Eriophyllum latilobum occurs as a subshrub between 20 and 50 centimeters in height. Its thin leaves are two to six centimeters in length, and have a diamond to obovate shape; the deeply triangular-lobed leaves are smooth on the top surface. The inflorescence's peduncles are one to eight centimeters and the involucres measure four to seven millimeters. The acute, barely overlapping phyllaries number six to ten. The ray flowers number 6-13. The rays surround 40-70 disc flowers, each three to four millimeters in diameter. The strigose (hairy) fruit measures 3-4 millimeters (0.12-0.16 inches), and its pappus can vary between 0.3 and 1.0 millimeters (0.012-0.40 inches). Disc scales are larger than the ray scales.

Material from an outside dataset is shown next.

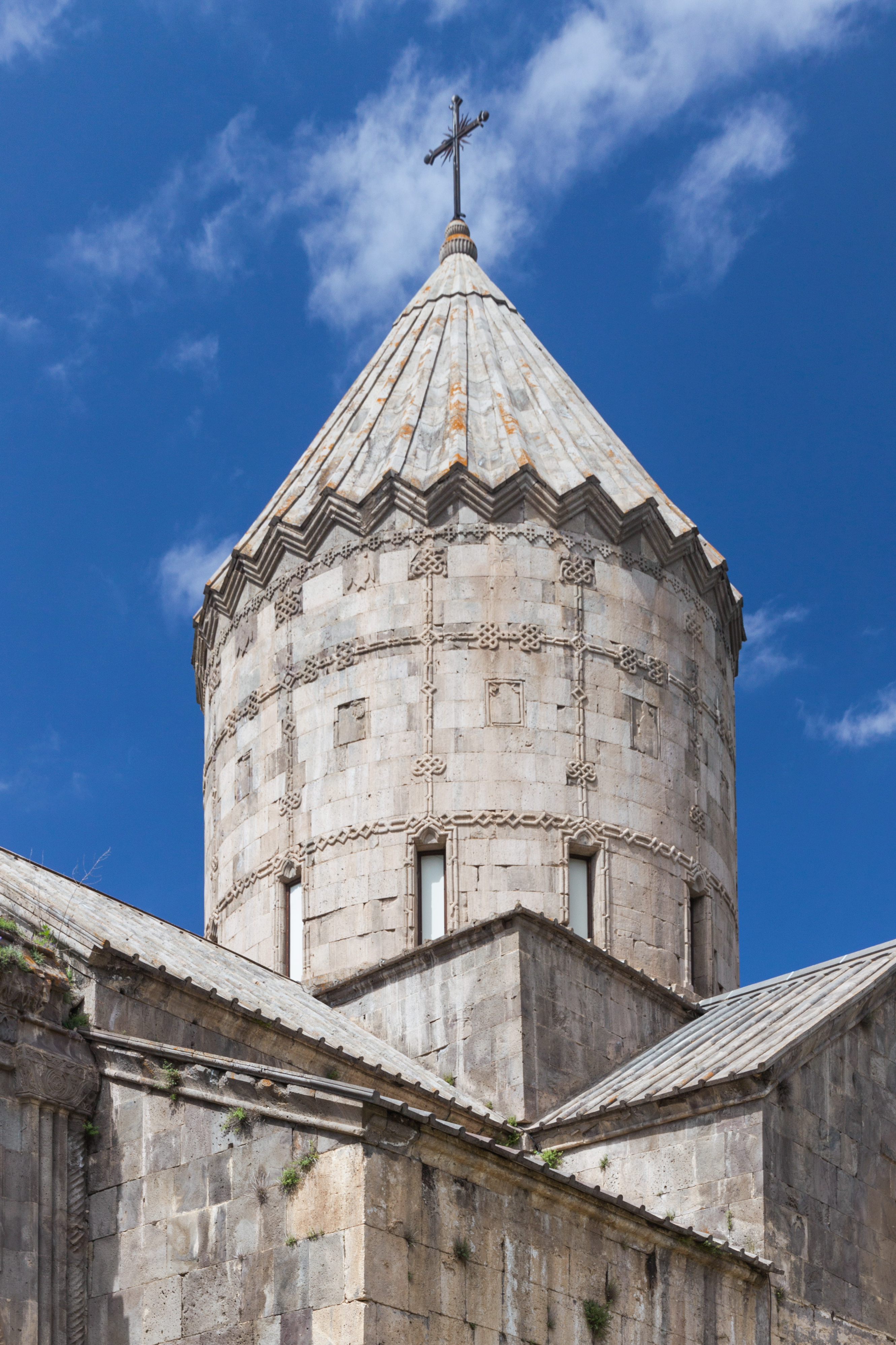 Sts. Peter and Paul Church (Surb Poghos Petros). Tatev monastery. Tatev, Syunik Province, Armenia.

Chromosomes are characterized as: 2n=32.

==Distribution and habitat==
Eriophyllum latilobum has been found in San Mateo County, San Benito County, and Napa County in habitats of oak woodland, but at altitudes only between 100 and 150 meters. Eriophyllum latilobum grows to 90 centimeters in height on erect woolly stems and produces bright yellow flowers. Latilobum means "with wide lobe," from Latin latus, "wide".

Eriophyllum latilobum occurs primarily in shaded moist positions on steep grassy or sparsely wooded slopes of serpentine soil. The remaining colonies of San Mateo County consist of several hundred plants scattered along a two and one half mile length of Crystal Springs Road. These are most likely the relict fragments of a historically continuous population. Calflora reports sightings in Mariposa County and Riverside County, but both sites are close to major highways and probably represent waifs.

San Mateo woolly sunflower is associated with serpentine soils, which are found in discontinuous outcrops in the Coast Ranges of the San Francisco Bay Area (and other locations not involving E. latilobum). The chief constituent of the parent rock is a variant of iron-magnesium silicate. Many species associated with serpentine soils have status ranging from vulnerable to endangered.

==Conservation==
The state of California listed E. latilobum as an endangered species in June 1992. Eriophyllum latilobum was designated as endangered by the U.S. Government on February 3, 1995. It is currently designated as an endangered species within its entire range. The species is threatened by urban development which continues to fragment its habitat. The San Mateo County colony is subject to damage by dumping of residential garden debris and downhill surface runoff of pesticides and fertilizers from homes above the steep-sloping habitat along Crystal Springs Road. Invasive plants add to the stress on the San Mateo woolly sunflower population. Furthermore, the steep slopes are subject to mudslides and erosion, and road maintenance crews may not be aware of the existence of colonies and remove mudslides containing E. latilobum organisms and seeds. Crews may also regrade slopes, further destroying colonies.